Our previous research has resulted in immediate and valuable benefits to industry and to state and federal agencies by providing a quantitative measurement of the effects of the current levels of water use from tundra lakes. Phase II of the research generates modeling tools to help improve the process of estimating available water for various uses and provide a proactive approach for evaluating water use permits and needs. By the close involvement of industry, agency, and environmental partners, we anticipate the outcome will also yield a more uniform and predictable permitting environment. The modeling tools help determine reasonable water use limits based on watershed areas, specific lake capacity, and recharge potential.

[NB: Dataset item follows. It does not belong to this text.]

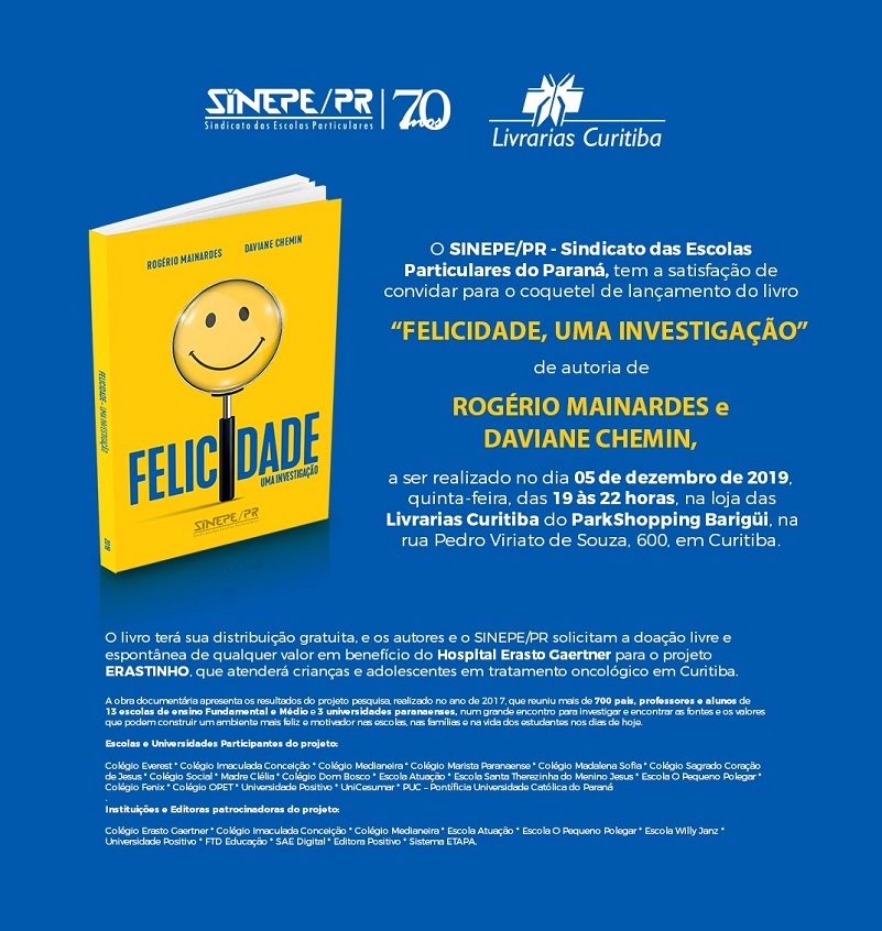 Em comemoração aos seus 70 anos de fundação, o Sindicato das Escolas Particulares do Paraná (SINEPE/PR) promove o lançamento do livro “Felicidade, uma investigação”, no dia 05 de dezembro, quinta-feira, a partir das 19 horas, na Livrarias Curitiba do ParkShoppingBarigui. A obra, de autoria do executivo e empresário, Rogério Mainardes, reconhecido como um dos grandes nomes em Comunicação e Marketing em nosso país, foi escrita em coautoria com a psicóloga e especialista em Gestão e Desenvolvimento de Equipes, Daviane Chemin.

They also include model tool components for estimating geochemical impacts of natural lakes’ freezing and water use. Although site specific hydrologic parameters will need to be determined, it is anticipated that this approach will be broadly applicable across Alaska and future development efforts. It will also be applicable to the many rural communities depending on lakes for their water supplies. The added value of RISA is the integration of the Weather Service and the River Forecasting Service to predicting long and short term trends in seasonality into the management tools.
This research is a combination of a hydrological, chemical, and meteorological field study, remote sensing analysis, and numerical modeling study. We quantify the water inputs and evaporative losses across the operational region of the North Slope of Alaska. Extensive snow surveys prior to spring melt allow us to characterize regional differences in snow distribution. Evaporation and evapotranspiration are empirically determined from meteorological measurements. We characterize the available recharge for a range of watersheds representing various lake-watershed characteristics. These results are combined to estimate the water balance of target lakes. The modeling and analysis efforts generate a set of operational modeling tools for industry and agencies to use for water-use activities.
Participation involves the scientific community, regulatory agencies, the oil industry, and environmental groups. British Petroleum Exploration (BPX), Conoco-Phillips Alaska Inc. (CPA), the Nature Conservancy (NC), and the Northern Alaska Environmental Center (NAEC) have joined this investigation as committed and active partners. Scientists from the State of Alaska Department of Natural Resources, and Bureau of Land Management have agreed to work closely with UAF. All team members participate during investigation planning meetings to design the research workplan, during analysis meetings to discuss interim findings (in the event that a mid-course diversion is necessary), and during the evaluation of the final report. All team members and appropriate agency representatives also participate occasionally in field sampling. BPX and CPA environmental offices assist by sharing their previously collected data and coordinating pumping by on-site contractors. They have also generously offered periodic access to facilities for time-sensitive analyses.